» **PROBLEM**
Reproduce, word for word, the lines in the material below starting with the one that has "Sold as pictured." and going on through the one that has "貓兒們,都不怕生的,其中一隻一直把我的腿當成跳板跳到桌上來". Leave out all pictures.

» **EXERCISE DATA**

══════════════════════════════

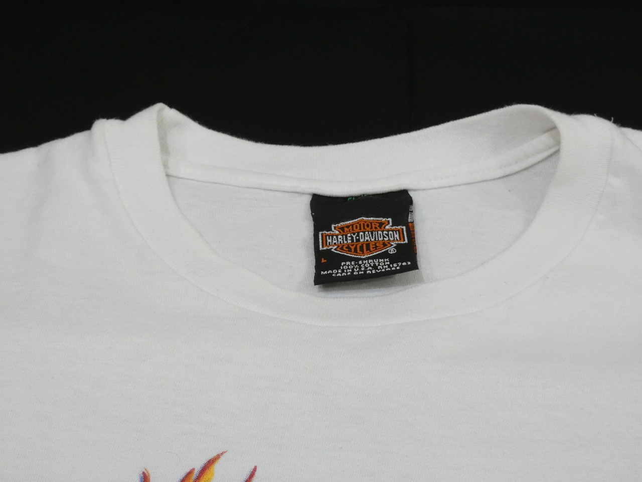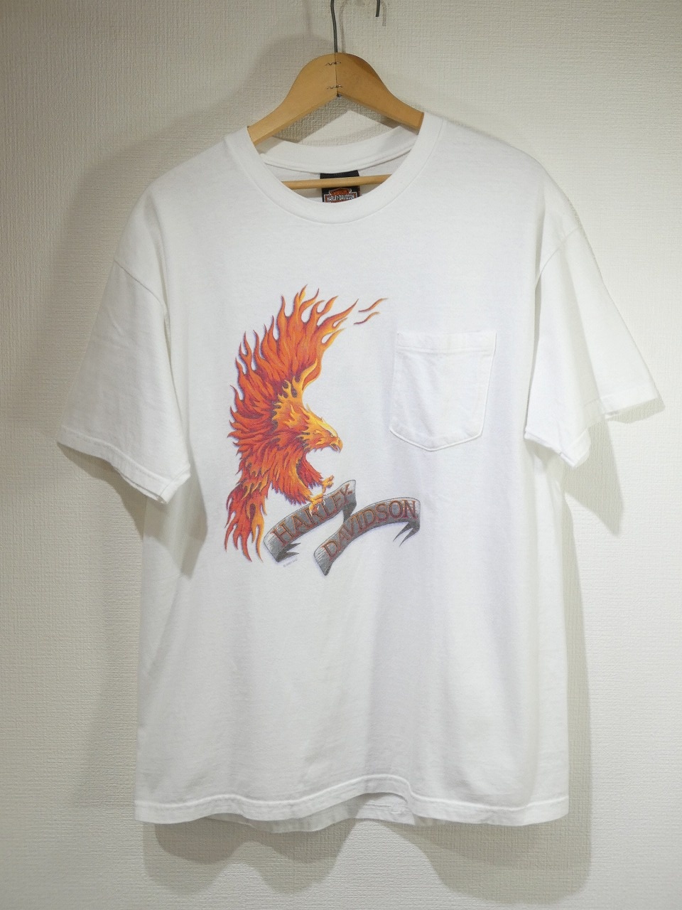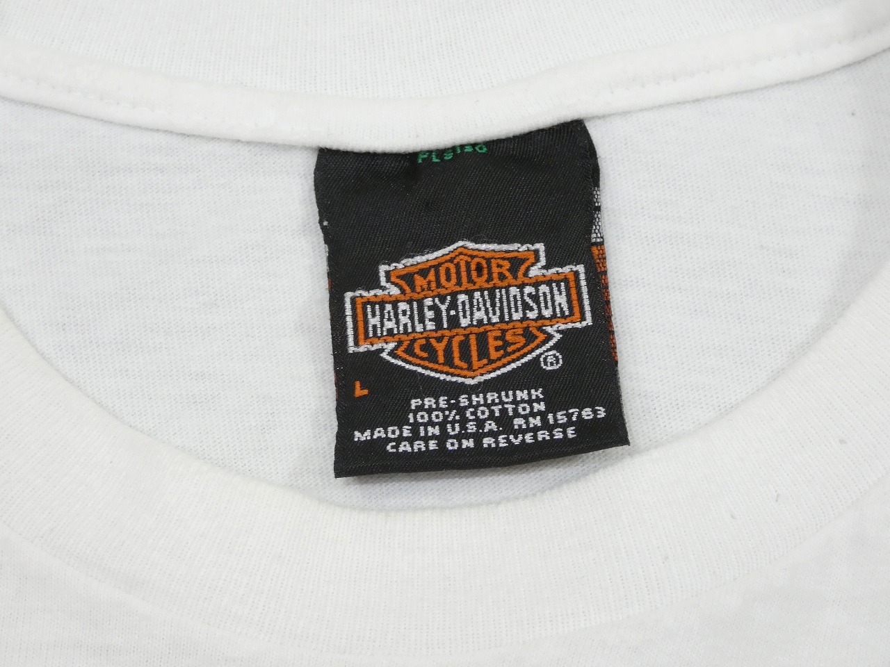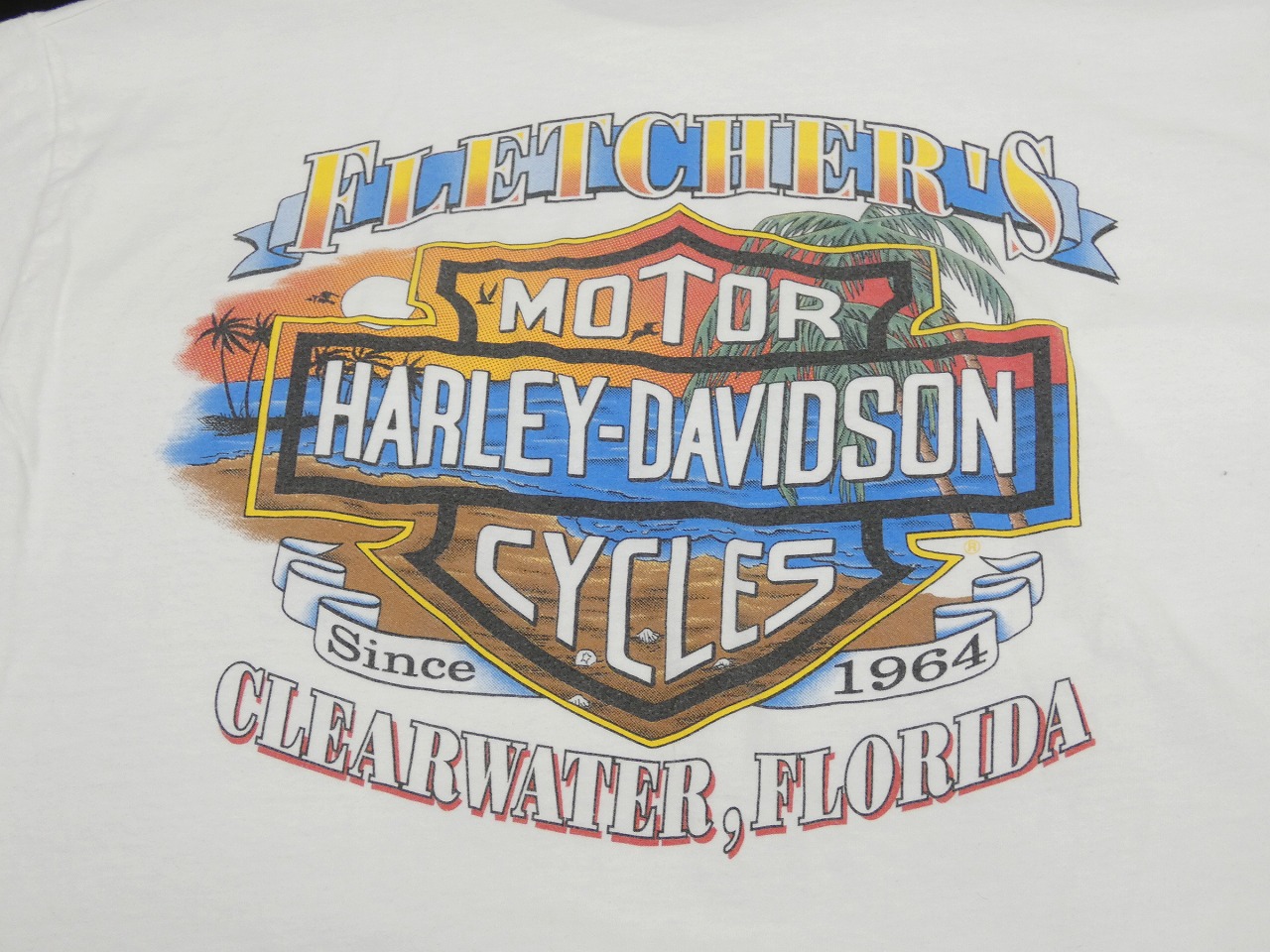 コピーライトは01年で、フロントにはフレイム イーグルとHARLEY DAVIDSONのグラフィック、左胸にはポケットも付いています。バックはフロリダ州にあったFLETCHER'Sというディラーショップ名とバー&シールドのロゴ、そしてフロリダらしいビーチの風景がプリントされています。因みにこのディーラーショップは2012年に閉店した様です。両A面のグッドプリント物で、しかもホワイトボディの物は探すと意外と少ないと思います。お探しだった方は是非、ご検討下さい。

══════════════════════════════

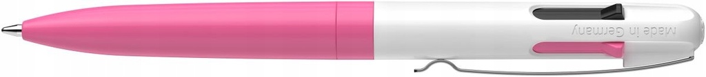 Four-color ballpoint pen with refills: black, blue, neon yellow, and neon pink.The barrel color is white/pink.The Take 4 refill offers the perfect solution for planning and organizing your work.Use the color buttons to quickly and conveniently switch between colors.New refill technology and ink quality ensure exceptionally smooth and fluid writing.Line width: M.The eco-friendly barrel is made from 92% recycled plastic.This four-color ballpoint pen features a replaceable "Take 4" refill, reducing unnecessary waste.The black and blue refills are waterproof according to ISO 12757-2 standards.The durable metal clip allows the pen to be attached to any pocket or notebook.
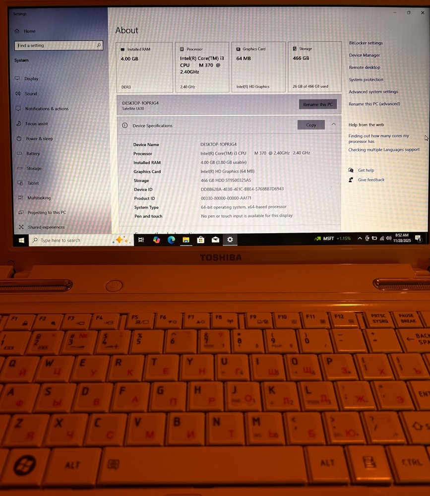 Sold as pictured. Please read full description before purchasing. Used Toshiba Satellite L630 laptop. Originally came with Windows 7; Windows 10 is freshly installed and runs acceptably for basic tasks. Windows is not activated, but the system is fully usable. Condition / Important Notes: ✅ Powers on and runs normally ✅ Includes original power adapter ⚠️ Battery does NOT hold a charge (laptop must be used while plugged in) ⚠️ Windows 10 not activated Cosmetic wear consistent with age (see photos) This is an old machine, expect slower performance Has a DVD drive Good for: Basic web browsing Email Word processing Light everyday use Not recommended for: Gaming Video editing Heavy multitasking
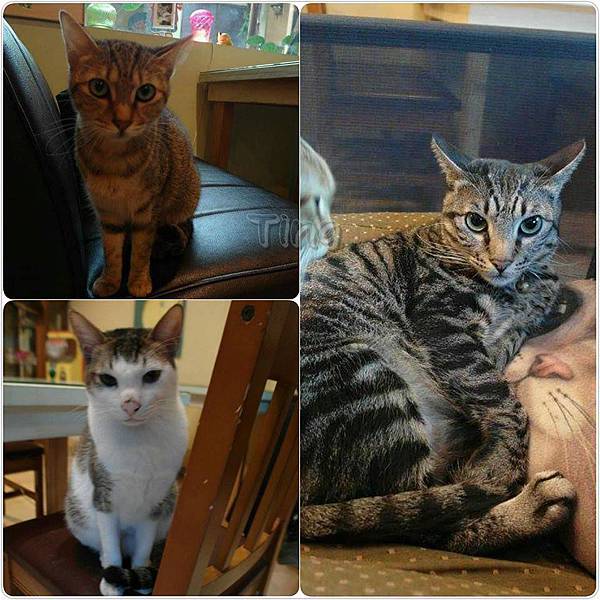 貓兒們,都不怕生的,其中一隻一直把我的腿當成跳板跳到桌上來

══════════════════════════════

» **RESULT OF THE EXERCISE**
 Sold as pictured. Please read full description before purchasing. Used Toshiba Satellite L630 laptop. Originally came with Windows 7; Windows 10 is freshly installed and runs acceptably for basic tasks. Windows is not activated, but the system is fully usable. Condition / Important Notes: ✅ Powers on and runs normally ✅ Includes original power adapter ⚠️ Battery does NOT hold a charge (laptop must be used while plugged in) ⚠️ Windows 10 not activated Cosmetic wear consistent with age (see photos) This is an old machine, expect slower performance Has a DVD drive Good for: Basic web browsing Email Word processing Light everyday use Not recommended for: Gaming Video editing Heavy multitasking
 貓兒們,都不怕生的,其中一隻一直把我的腿當成跳板跳到桌上來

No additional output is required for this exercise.